By the end of the book, Jim Gunn has become a Moses-like figure—he helped conceive SDSS and devoted more than a decade to building it, but he never realized the promised land of major scientific results. The rapidly changing computer technologies essential to Sloan, Finkbeiner writes, outpaced Gunn’s willingness to find the time to keep up with them.
However, I don’t think that SDSS itself has “changed the way astronomy is done,” as Finkbeiner maintains. Many factors contributed to this transformation, including the growth in size of the astronomical community, the routinization of multiwavelength research, and the fact that research ambitions superseded the traditional single-principal-investigator mode. Just as critical was the increased power of technology as computer performance and data storage became exponentially cheaper during the 1990s. At one point, the Sloanies imagined releasing their initial data on 19,000 CD-ROMS, an idea that today stirs a chuckle, given the data-holding capacities of even an iPod. In the end, SDSS appears to have been less a catalyst for the changing practice of astronomy than a symptom of it.
As astronomers are making plans to build the next generation of telescopes, with cost estimates closing in on the magical billion-dollar mark, one can question whether this transformation in how science is done has been an unalloyed boon for astronomers. I recall meeting a Stanford graduate student a few years ago who said he did observational astronomy. So I asked him which telescopes he liked to work with. As it turned out, none yet. For him, being an observer meant sifting through data collected by other people. SDSS provided an important bridge between older efforts, such as the famous 1950s-era National Geographic Society–Palomar Observatory Sky Survey and more ambitious efforts that lie in the future, such as the Large Synoptic Survey Telescope, which will generate terabytes of data every night. But with so much information available to them, have professional astronomers become alienated, as Marx might have said, from the means of production?
Finkbeiner’s book also raises questions about how ordinary citizens view the discovery process. Toward the end of the book, she writes enthusiastically about the hundreds of thousands of people who have joined the Galaxy Zoo project. Launched in 2007, it enables science buffs to “collaborate” with professional astronomers and classify galaxies using the Web. It has produced notable discoveries. For example, a Dutch schoolteacher scanning Galaxy Zoo images on her home computer found an extraordinary object—blue in Sloan’s initial images, but revealed in later analyses to be an eerie green gaseous cloud, illuminated perhaps by a jet of energetic particles from a nearby black hole.
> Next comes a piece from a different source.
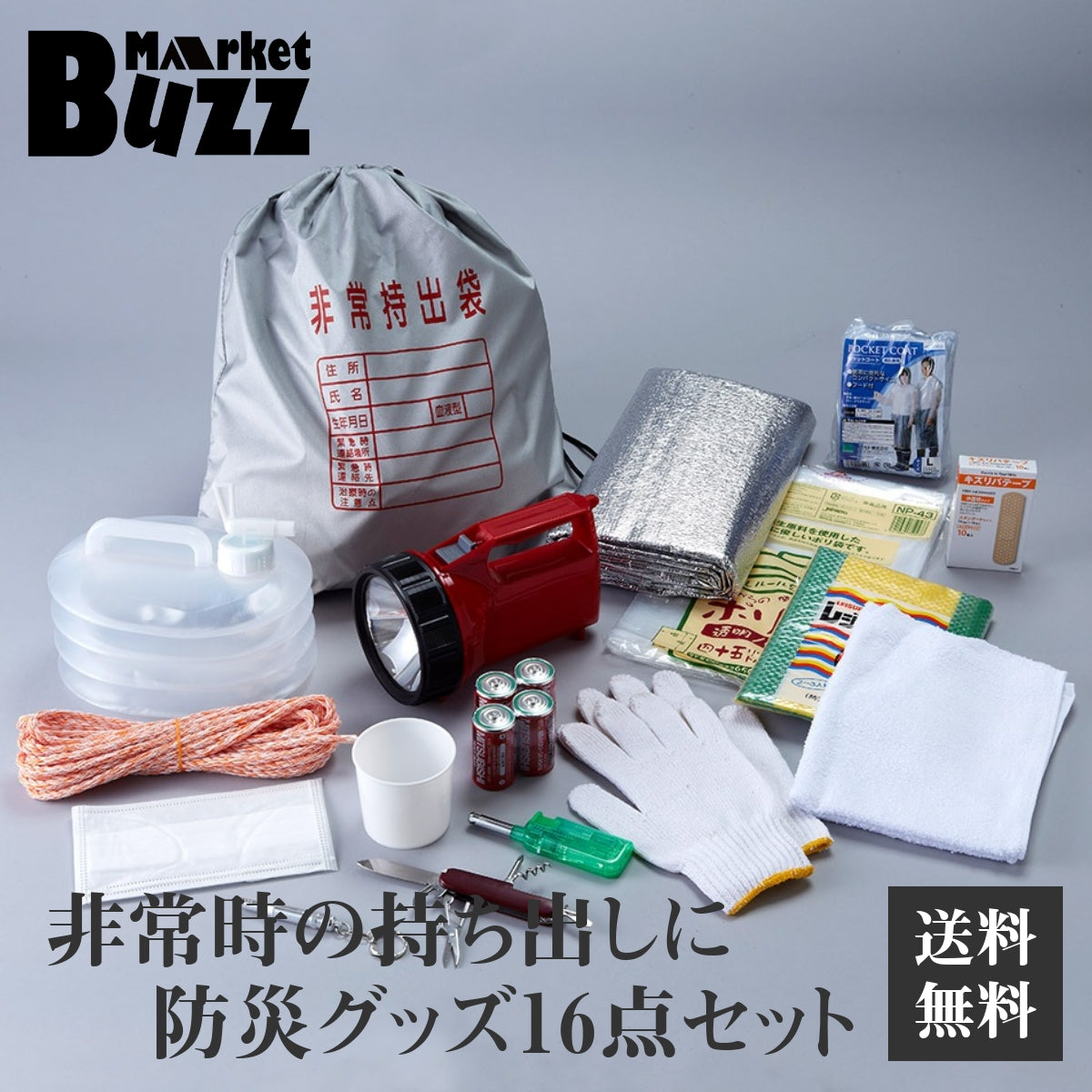 避難時に必要な品物をコンパクトにまとめた防災グッズ厳選16点セットです。 |

The project is a great way to get people interested in science, to be sure. But how does it compare with the grand and bold experience of being outside with a telescope, peering up at the sky?
W. Patrick McCray is a professor in the Department of History at the University of California, Santa Barbara. He is the author of several books, including Giant Telescopes: Astronomical Ambition and the Promise of Technology (Harvard University Press, 2004) and Keep Watching the Skies! The Story of Operation Moonwatch and the Dawn of the Space Age (Princeton University Press, 2008).